[Data entries]
::::
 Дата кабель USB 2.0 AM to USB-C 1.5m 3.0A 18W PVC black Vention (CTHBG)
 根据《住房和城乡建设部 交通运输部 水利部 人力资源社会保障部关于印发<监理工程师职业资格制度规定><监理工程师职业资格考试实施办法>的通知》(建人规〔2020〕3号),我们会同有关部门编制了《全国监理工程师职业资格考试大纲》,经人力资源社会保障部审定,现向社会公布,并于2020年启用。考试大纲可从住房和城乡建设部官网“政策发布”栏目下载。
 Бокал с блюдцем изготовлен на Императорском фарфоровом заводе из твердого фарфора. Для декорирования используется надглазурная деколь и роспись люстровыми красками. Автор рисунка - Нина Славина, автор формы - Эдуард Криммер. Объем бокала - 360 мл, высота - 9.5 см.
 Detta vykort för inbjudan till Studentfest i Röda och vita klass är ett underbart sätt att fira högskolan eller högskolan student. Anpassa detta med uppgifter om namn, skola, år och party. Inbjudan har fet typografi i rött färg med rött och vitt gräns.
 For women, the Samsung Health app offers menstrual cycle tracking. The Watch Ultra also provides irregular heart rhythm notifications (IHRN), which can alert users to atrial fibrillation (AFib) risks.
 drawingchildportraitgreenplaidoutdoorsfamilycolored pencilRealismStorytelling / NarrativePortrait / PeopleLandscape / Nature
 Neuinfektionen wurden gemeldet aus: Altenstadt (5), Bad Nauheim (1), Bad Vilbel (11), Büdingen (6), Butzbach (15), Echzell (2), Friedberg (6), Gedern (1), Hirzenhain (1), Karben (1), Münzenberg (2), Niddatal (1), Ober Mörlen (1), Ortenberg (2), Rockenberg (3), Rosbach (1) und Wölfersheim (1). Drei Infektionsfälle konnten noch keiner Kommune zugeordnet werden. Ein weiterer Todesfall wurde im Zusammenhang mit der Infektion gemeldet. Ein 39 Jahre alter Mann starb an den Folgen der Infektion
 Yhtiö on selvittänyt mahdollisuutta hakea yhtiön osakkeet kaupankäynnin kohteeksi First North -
::::
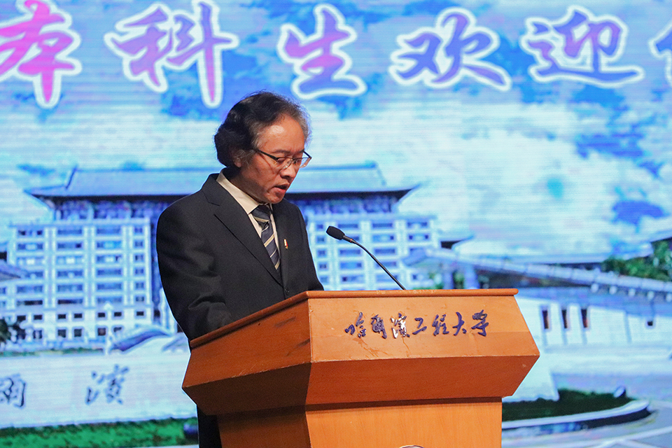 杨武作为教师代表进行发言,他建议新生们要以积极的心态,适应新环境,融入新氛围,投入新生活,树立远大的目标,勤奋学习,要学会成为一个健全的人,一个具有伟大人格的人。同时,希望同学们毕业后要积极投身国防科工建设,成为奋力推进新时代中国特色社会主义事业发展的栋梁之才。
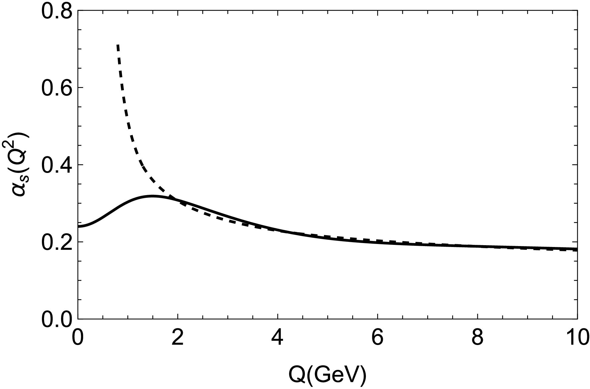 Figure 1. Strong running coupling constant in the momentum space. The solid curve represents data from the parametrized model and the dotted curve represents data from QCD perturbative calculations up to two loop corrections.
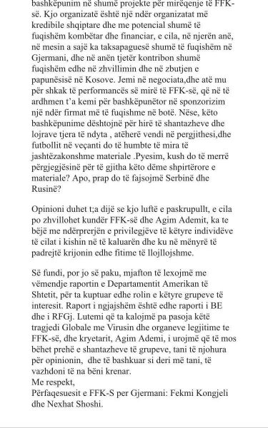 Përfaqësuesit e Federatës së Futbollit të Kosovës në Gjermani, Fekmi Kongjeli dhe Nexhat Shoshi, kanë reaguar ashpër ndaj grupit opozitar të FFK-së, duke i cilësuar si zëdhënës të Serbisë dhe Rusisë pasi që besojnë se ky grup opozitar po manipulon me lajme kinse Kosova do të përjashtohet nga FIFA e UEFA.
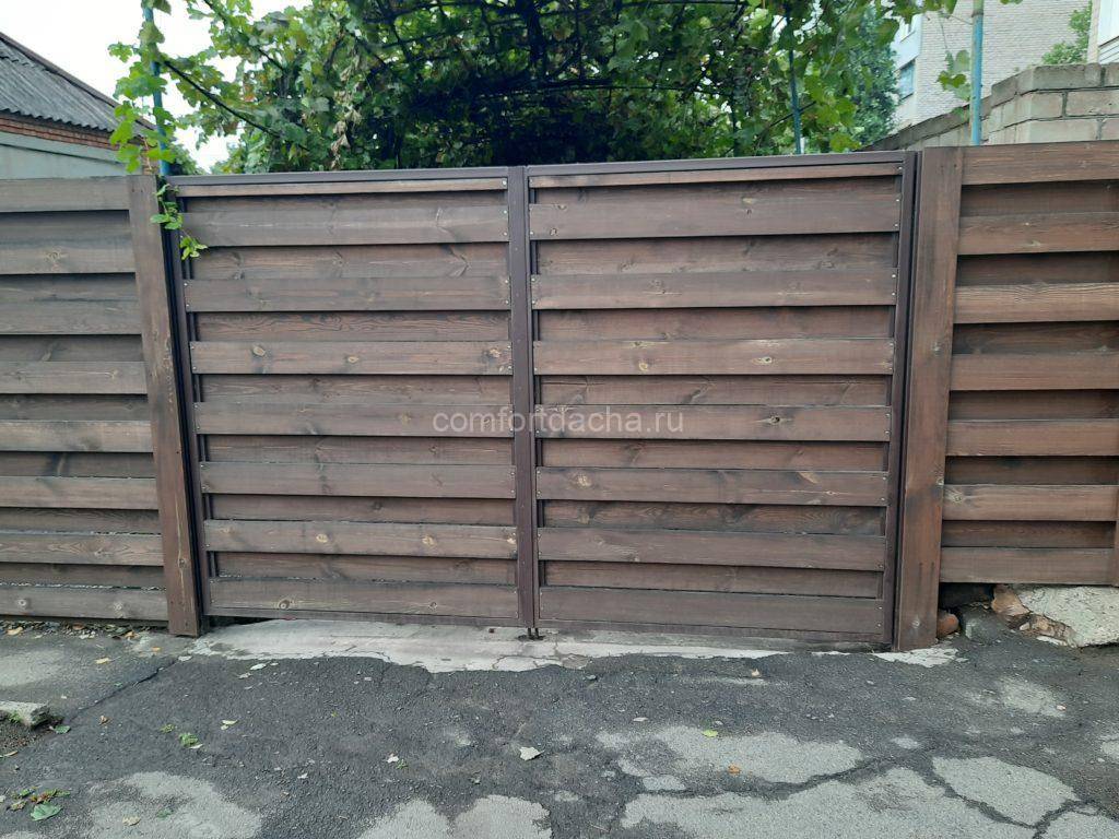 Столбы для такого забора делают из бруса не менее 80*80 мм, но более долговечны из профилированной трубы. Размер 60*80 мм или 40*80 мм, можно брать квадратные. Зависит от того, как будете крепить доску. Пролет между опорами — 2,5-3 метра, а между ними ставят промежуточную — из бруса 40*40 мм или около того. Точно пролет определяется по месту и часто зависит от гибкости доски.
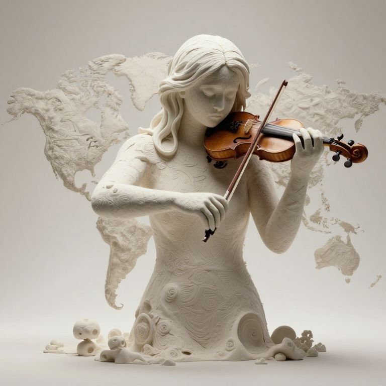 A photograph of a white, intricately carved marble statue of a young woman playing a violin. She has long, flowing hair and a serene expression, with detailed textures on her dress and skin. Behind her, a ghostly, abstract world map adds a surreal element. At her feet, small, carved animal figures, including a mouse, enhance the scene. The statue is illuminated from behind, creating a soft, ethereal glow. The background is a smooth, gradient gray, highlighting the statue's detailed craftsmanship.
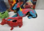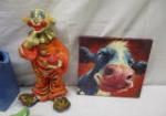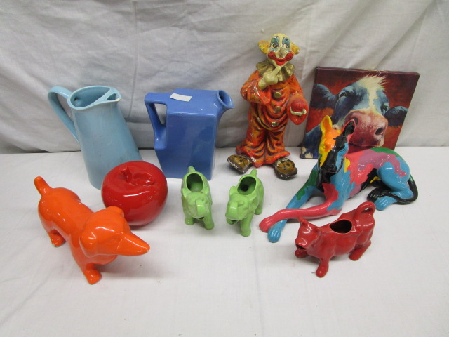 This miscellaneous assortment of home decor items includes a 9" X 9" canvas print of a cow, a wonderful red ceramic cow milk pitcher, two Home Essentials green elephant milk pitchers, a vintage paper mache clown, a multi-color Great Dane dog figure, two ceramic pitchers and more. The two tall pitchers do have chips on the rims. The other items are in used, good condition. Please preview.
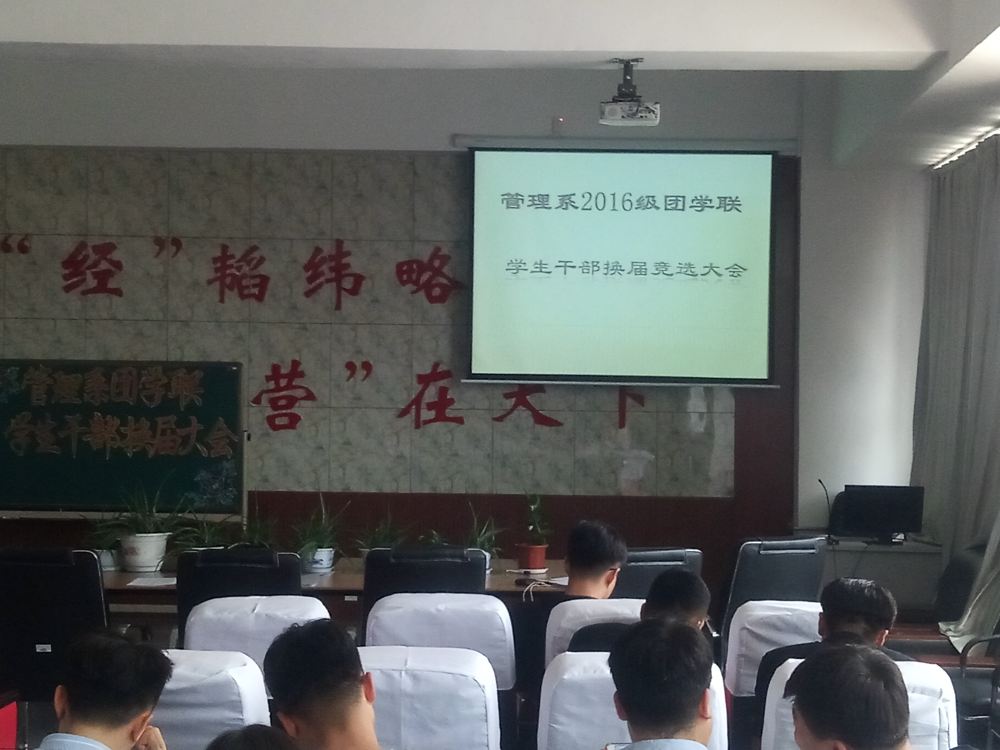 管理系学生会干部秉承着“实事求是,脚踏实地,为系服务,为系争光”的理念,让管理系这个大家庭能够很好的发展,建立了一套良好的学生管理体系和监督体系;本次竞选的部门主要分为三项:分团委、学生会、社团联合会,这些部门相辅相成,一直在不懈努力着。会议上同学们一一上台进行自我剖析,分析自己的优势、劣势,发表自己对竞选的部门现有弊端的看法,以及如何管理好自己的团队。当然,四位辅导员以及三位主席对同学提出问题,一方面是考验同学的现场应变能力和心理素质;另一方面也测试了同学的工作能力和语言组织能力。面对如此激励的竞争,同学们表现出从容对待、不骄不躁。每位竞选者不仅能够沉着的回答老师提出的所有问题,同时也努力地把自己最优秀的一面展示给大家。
::::
### What the exercise asks
Of the lines above, retype only those from the line containing "Neuinfektionen wurden gemeldet" through the line containing "Yhtiö on selvittänyt", including both, exactly.

### Response area
 Neuinfektionen wurden gemeldet aus: Altenstadt (5), Bad Nauheim (1), Bad Vilbel (11), Büdingen (6), Butzbach (15), Echzell (2), Friedberg (6), Gedern (1), Hirzenhain (1), Karben (1), Münzenberg (2), Niddatal (1), Ober Mörlen (1), Ortenberg (2), Rockenberg (3), Rosbach (1) und Wölfersheim (1). Drei Infektionsfälle konnten noch keiner Kommune zugeordnet werden. Ein weiterer Todesfall wurde im Zusammenhang mit der Infektion gemeldet. Ein 39 Jahre alter Mann starb an den Folgen der Infektion
 Yhtiö on selvittänyt mahdollisuutta hakea yhtiön osakkeet kaupankäynnin kohteeksi First North -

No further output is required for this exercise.